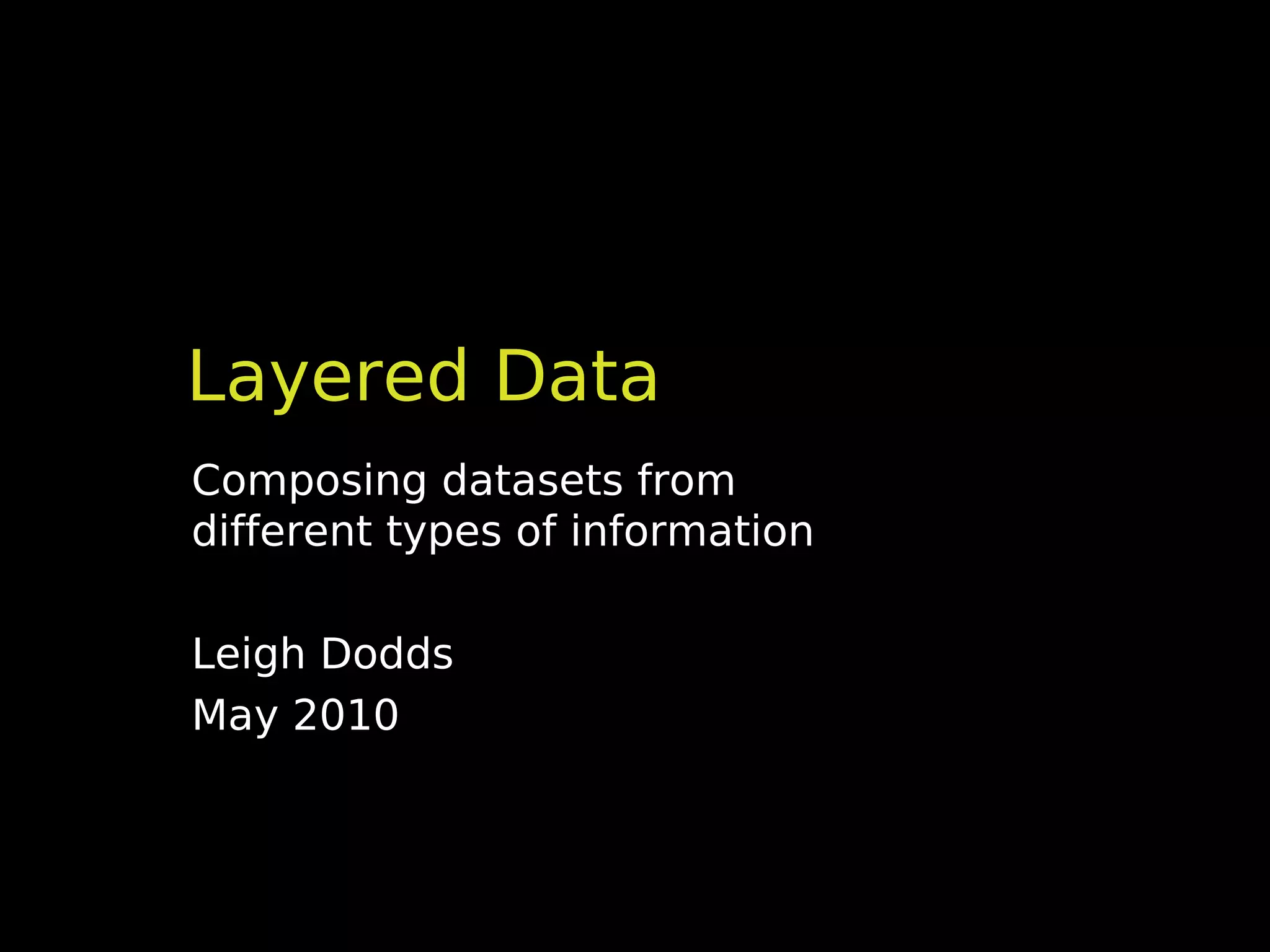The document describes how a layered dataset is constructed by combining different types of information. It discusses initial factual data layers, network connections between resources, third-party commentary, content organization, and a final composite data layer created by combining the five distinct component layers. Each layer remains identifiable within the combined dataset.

________________________

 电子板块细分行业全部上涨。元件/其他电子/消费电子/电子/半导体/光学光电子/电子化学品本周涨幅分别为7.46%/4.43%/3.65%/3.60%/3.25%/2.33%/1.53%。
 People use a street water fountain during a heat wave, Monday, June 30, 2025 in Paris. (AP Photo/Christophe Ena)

________________________

-- GOAL OF THE EXERCISE --
Only one stretch of the entries above is wanted: the lines from the one containing "电子板块细分行业全部上涨。元" through the one containing "People use a". Please reproduce it exactly.

-- REPLY --
 电子板块细分行业全部上涨。元件/其他电子/消费电子/电子/半导体/光学光电子/电子化学品本周涨幅分别为7.46%/4.43%/3.65%/3.60%/3.25%/2.33%/1.53%。
 People use a street water fountain during a heat wave, Monday, June 30, 2025 in Paris. (AP Photo/Christophe Ena)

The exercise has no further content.